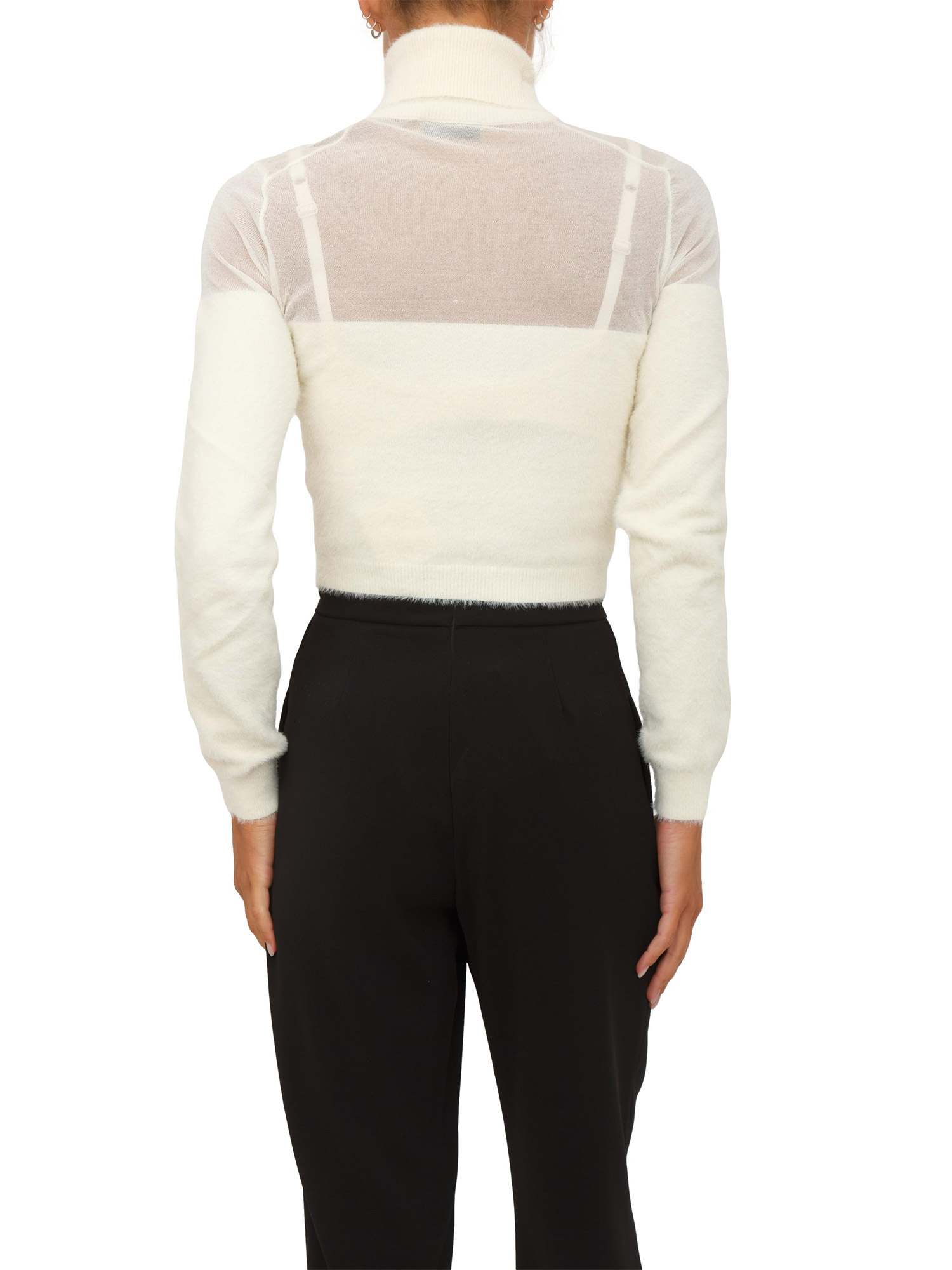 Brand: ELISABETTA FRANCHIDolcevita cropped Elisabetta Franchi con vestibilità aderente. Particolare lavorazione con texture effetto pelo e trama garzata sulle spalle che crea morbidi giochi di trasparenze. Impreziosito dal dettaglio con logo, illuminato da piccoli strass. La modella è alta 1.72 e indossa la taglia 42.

* * *

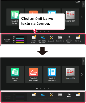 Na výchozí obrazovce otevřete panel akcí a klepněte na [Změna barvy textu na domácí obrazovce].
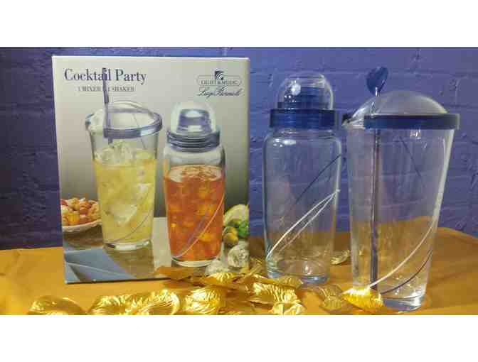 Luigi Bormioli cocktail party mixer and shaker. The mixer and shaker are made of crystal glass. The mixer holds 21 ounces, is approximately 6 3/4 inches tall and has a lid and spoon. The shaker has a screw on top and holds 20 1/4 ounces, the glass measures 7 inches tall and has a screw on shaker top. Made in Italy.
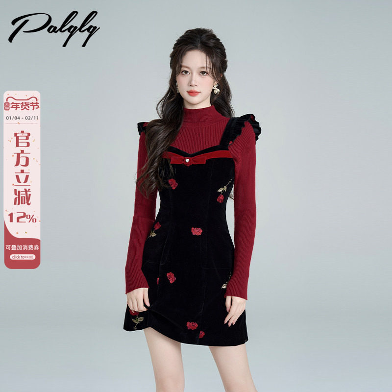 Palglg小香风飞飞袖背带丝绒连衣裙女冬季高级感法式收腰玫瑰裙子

### [Exercise objective]
Please output the lines above beginning at the line with "Luigi Bormioli cocktail" and ending after the line with "Palglg小香风飞飞袖背带丝绒连衣裙女冬季高级感法式收腰玫瑰裙子", precisely as written and with no pictures.

### [The answer]
 Luigi Bormioli cocktail party mixer and shaker. The mixer and shaker are made of crystal glass. The mixer holds 21 ounces, is approximately 6 3/4 inches tall and has a lid and spoon. The shaker has a screw on top and holds 20 1/4 ounces, the glass measures 7 inches tall and has a screw on shaker top. Made in Italy.
 Palglg小香风飞飞袖背带丝绒连衣裙女冬季高级感法式收腰玫瑰裙子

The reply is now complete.